Recently I was thinking about how Google, Microsoft Outlook on Windows Phone (and now many others) method of giving you a coloured icon with a letter in the centre of it works.
Essentially, given some sort of name, they generate a colour based on that name. The kicker is that the same name always generates the same colour, the icon then generates with the 'initials' (dependent upon implementation) of the sender of the email within it. A sample is below.
(Sorry for the size, it was enormous at native resolution, feel free to click to view original.)
In the image you can see that both "WO" icons are the same colour, but the two "G" icons are a different colour, this is because the "G" icons come from different email addresses and the "WO" icons come from the same one.
So of course I wanted to write a system that could generate a similar thing, based upon "some string", it could generate a colour that would be mostly unique to that string. (I don't particularly care if multiple strings return the same colour, but a similar string should be substantially different.)

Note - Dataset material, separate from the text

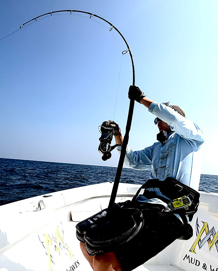 水面を見るときの視野や偏光性能がすごくいいとずっと聞いていましたが、僕の場合は海中の見えやすさが決め手でした。最初にヒラマサ釣りでイーズグリーンをかけたときに驚きました。魚がルアーをひったくるまではほかの偏光グラスでも見えますが、その後にヒラマサがどの方向に泳いでいくかまで、びっくりするぐらいにはっきり見えたんです。それから5、6年は使っていますが、今も一番に思うのは海の中の見えやすさ。情報量がとにかく多いです。あともうひとつは疲れにくさです。1日中遠くを見つづけていても、タレックスのレンズだと疲れを感じにくいです。オマーンの照りつけるような日差しの中、5日連続の釣行でもタレックスなら目の充血や疲れもありませんでしたよ!

This should be entirely predictable. Every single string should result in the exact same output every time. There should be no deviation (unless the underlying implementation of Random
changes).
For the solution of this I went purely LINQ / method calls, and I want to keep it that way.
new string[]
{
"EBrown"
}
.Select(name =>
new Random(
Encoding
.UTF8
.GetBytes(name)
.Select((b, i) =>
b << (i % 4) * 8
)
.Aggregate(0, (acc, i) =>
acc + i
)
)
)
.Select(r =>
new double[3]
{
r.NextDouble(),
r.NextDouble(),
r.NextDouble()
}
)
I did not return a Color
mostly because I'm not referencing any libraries that have a Color
(this was built in the C# Interactive window), but also because it should be generic enough to just return a list of three values for the color.
To address one of the comments:
What purpose of this:
.Aggregate(0, (acc, i) => acc + i)
? It is just the same asSum()
...
As the two of us discovered (thanks Maxim for starting this discussion) the Sum
method performs it's operation within a checked
context, and will throw an OverflowException
on the last test-case I provided in this case. Wrapping the entire thing in an unchecked
context does not result in a solution, as the local checked
context in Sum
takes precedence.
We could define a SumOverflow
method that would do the summation inside an unchecked
context, but that takes us out of vanilla-LINQ mode, and requires an additional dependency on a new method. (I literally want zero additional dependencies, I only want vanilla / naked LINQ.)
Regarding:
I also think this
b << (i % 4) * 8
requires encapsulation too. It's a magic formula. Perhaps you could explain what you are calculating here?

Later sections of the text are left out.